The botnet, known as Kelihos or “Waledac 2.0," has been linked to spam messages, ID-theft attacks, pump-and-dump stock scams and websites promoting the sexual exploitation of children, according to Microsoft senior attorney Richard Domingues Boscovich.

The botnet contained about 41,000 computers worldwide and was capable of sending 3.8 billion spam e-mails per day.

For the first time since Microsoft's anti-cybercrime team started disabling botnets, the company moved to the U.S. court system and identified a defendant that allegedly owned the domain that controlled the botnet.

In the complaint [PDF], Microsoft names Dominique Alexander Piatti alongside dotFREE Group SRO and John Does 1-22 and said they owned domains and subdomains that were used to operate and control the Kelihos botnet.

"Our investigation showed that while some of the defendant’s subdomains may be legitimate, many were being used for questionable purposes with links to a variety of disreputable online activities," Boscovich said.

follow Ryan Naraine on twitter

In addition to hosting the Kelihos botnet, Microsoft said its investigations revealed that the defendants’ cz.cc domain was previously linked to sub-domains responsible for delivering MacDefender, a type of scareware that infects Apple’s operating system.

In May 2011, Google temporarily blocked subdomains hosted by the cz.cc domain from its search results after it discovered it was hosting malware, although Google reinstated the subdomains after the defendant allegedly corrected the problem.  (See this public gripe from Piatti about the blocked domains).

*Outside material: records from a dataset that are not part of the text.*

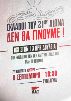Το 8ωρο αποτελεί έτσι κι αλλιώς «είδος υπό εξαφάνιση». Οι 13 ώρες δουλειάς καταργούν στην πράξη το 8ωρο - 5ήμερο - 40ωρο, σμπαραλιάζουν κάθε έννοια ελεύθερου χρόνου, αντικειμενικά προκαλούν ανεπανόρθωτη φθορά στον οργανισμό του εργαζόμενου.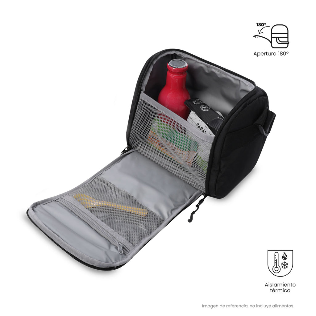 Carry your food safely and fresh! The large Grafito thermal lunch bag features a 180° opening, internal mesh pockets, thermal insulation for up to 5 hours, and a wheel strap. Its liquid-repellent, easy-to-clean lining, along with the recycled polyester exterior, provide durability and lightness. Pack with smart organization. Keep your lunch fresh hassle-free.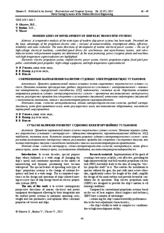 Busher, Victor V. and Glazeva, Oksana V. and Vlasov, Viktor B. (2015) Modern Lines of Development of ship Electromotive Systems. ELECTRICAL AND COMPUTER SYSTEMS, 19 (95). pp. 46-49. ISSN 22213937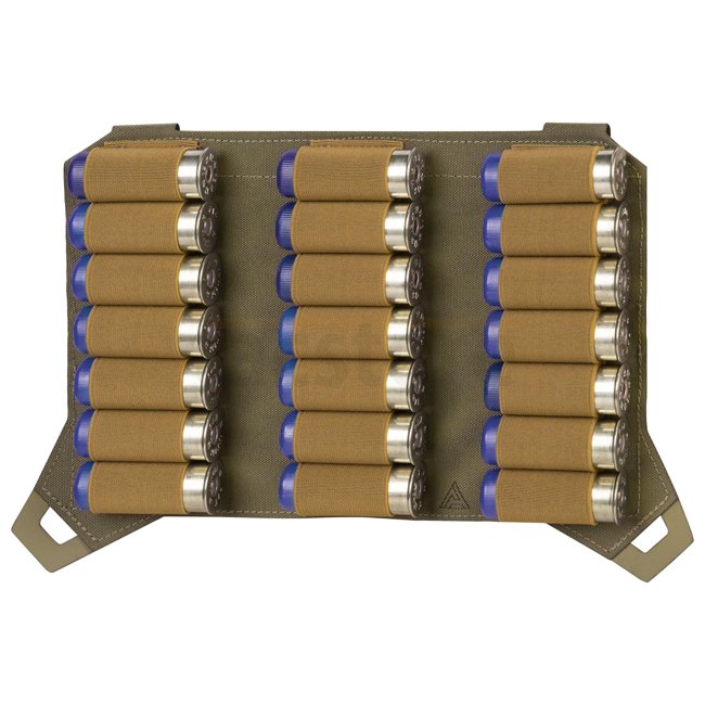 Rabat pour cartouches de fusil Spitfire Direct Action en PenCott GreenZone permettant de transporter jusqu'à 21 cartouches de fusil à pompe standard 12GA avec précision et commodité. Fabriqué en Nylon 100%, ce rabat est compatible avec le système de monta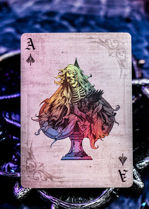 The Haunted Castle features the eerie scary haunted castle with its nightmarish environment. Designed with distressed aesthetics, each card in The Haunted Castle feels like an ancient artifact, filled with ghostly history and ominous secrets. The full allure of purple comes alive, as mysterious characters and enchanting stories await your discovery within the castle walls. As the light shifts, the demon transforms into a colorful jester, concealing its sinister appearance. The holo foil displays a rainbow sheen, as if opening a mysterious gateway to the eerie castle. Behind every court card lies a notorious character. The asymmetrical illustrations reveal their dual nature: one side disguised, the other side true. The exciting luxurious craftsmanship enhances every detail of the deck. From the gold foil inside the tuck case to the holographic foil on the cards, you’ll absolutely love it.

Boscovich said the botnet was also used to promote potentially dangerous counterfeit or unapproved generic pharmaceuticals from unlicensed and unregulated online drug sellers. Kelihos also abused Microsoft’s Hotmail accounts and Windows operating system to carry out these illegal activities.

[T]his case highlights an industry-wide problem pertaining to the use of subdomains. Under U.S. law, even pawn brokers are more effectively regulated to prevent the resale of stolen property than domain owners are to prevent the use of their digital properties for cybercrime. For example, pawn shop operators must require a name, address and proper identification from customers, while by contrast there are currently no requirements necessitating domain hosts to know anything about the people using their subdomains –making it easy for domain owners to look the other way.

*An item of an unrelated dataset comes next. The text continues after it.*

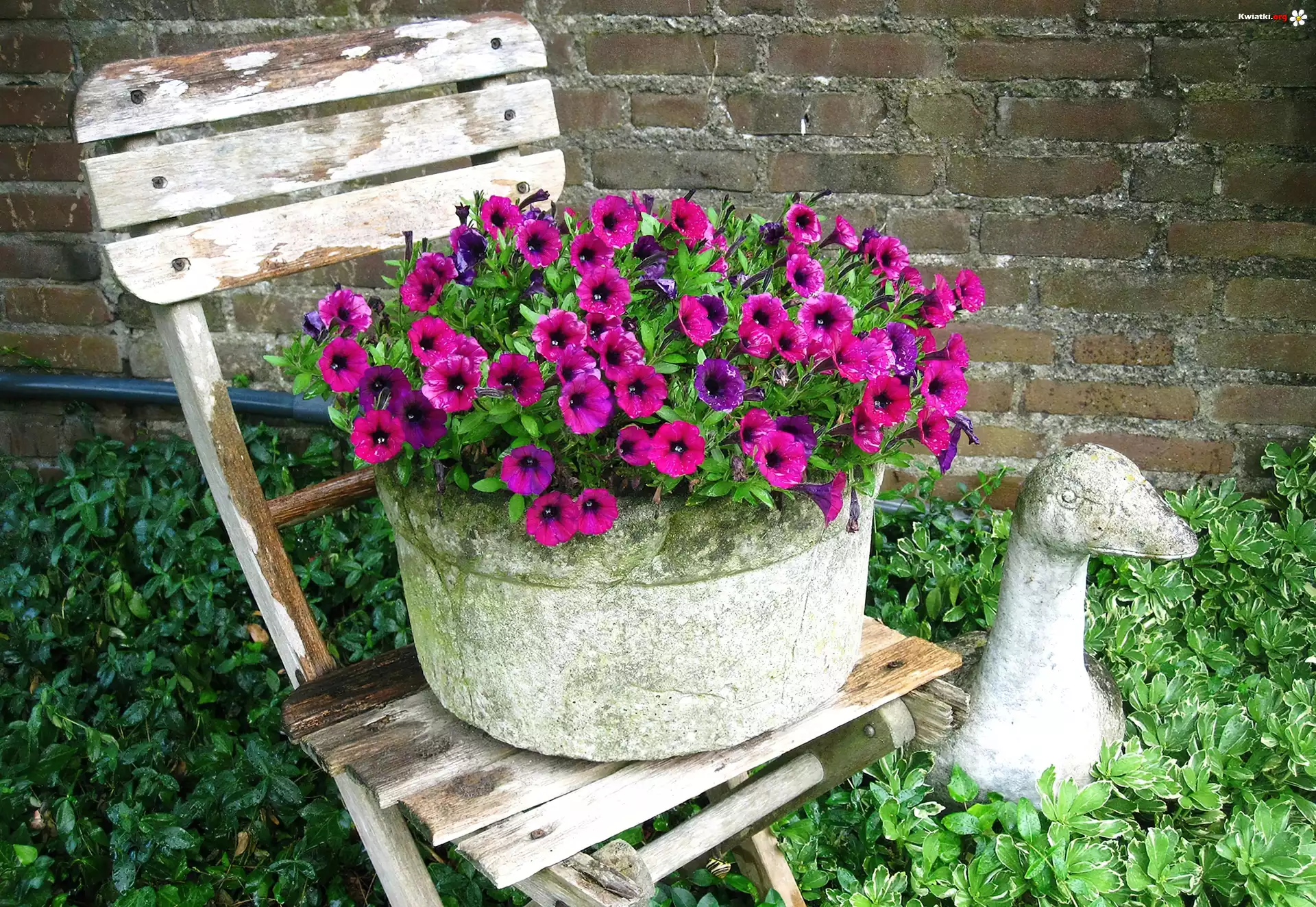 Kwiat Ogródek, Krzesło, Kamienna Donica, Gąska, Petunie, Mur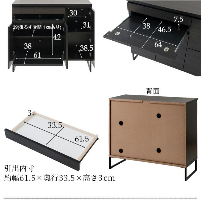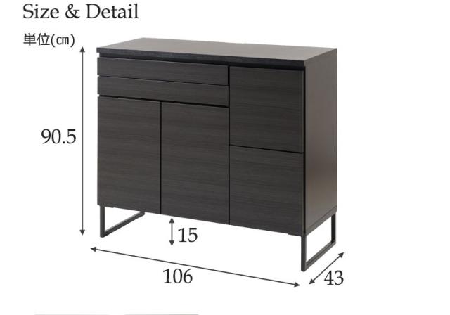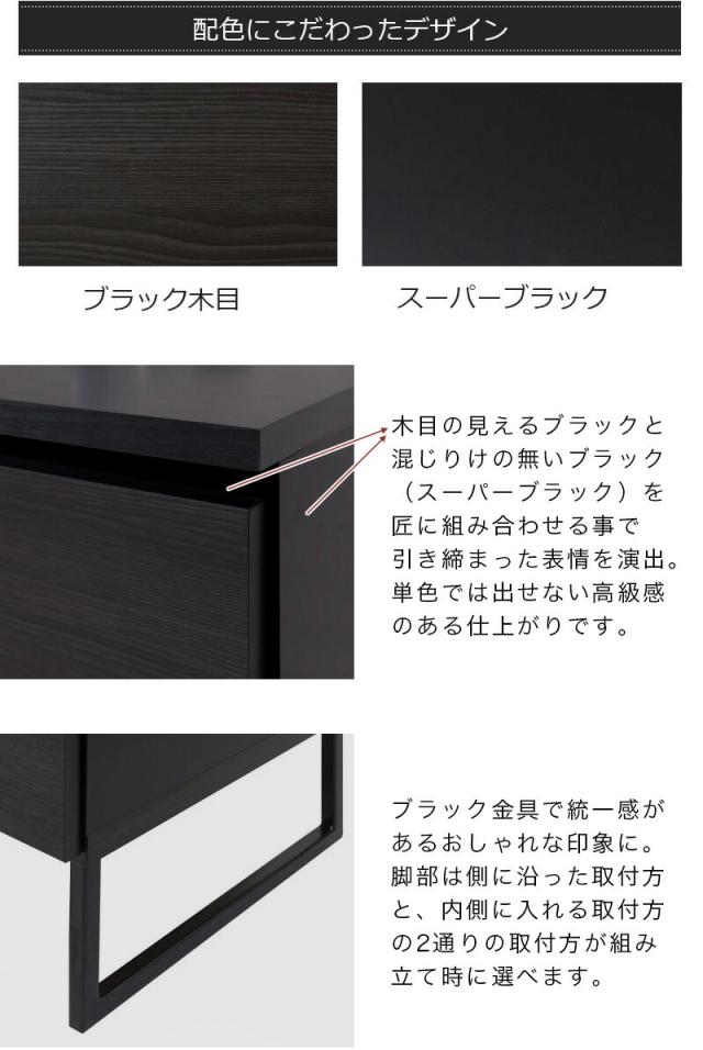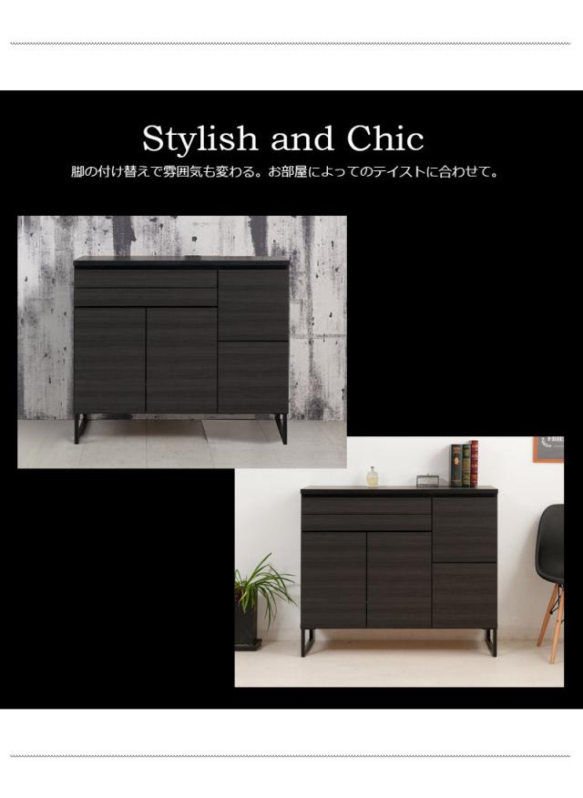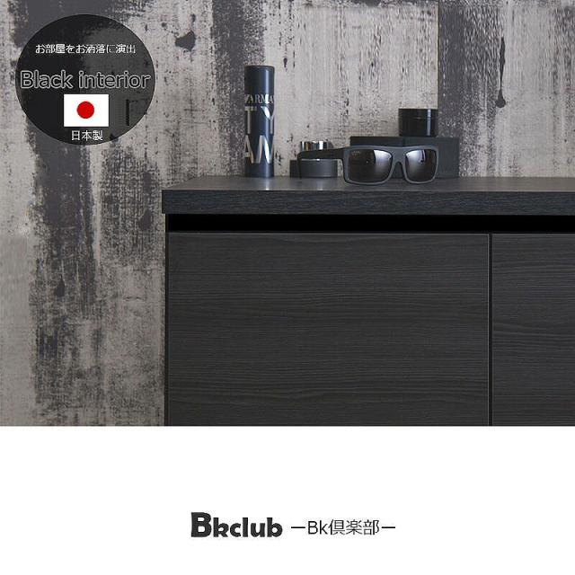 オールブラックで仕上げた高級感のあるキャビネットシリーズです。細脚からスタイリッシュに洗練されたフォルムは直線的で黒木目とマッチ。黒木目でキメるモダンインテリア。引出しはスライドレール付き。

Through this case, we hope to demonstrate that if domain owners don’t hold themselves accountable for knowing their customers, they will be held accountable for what is happening on their infrastructure. Our goal is for this case to spur an industry-wide discussion for more public and accountable subdomain registration practices to enable a safer, more secure Internet for all users.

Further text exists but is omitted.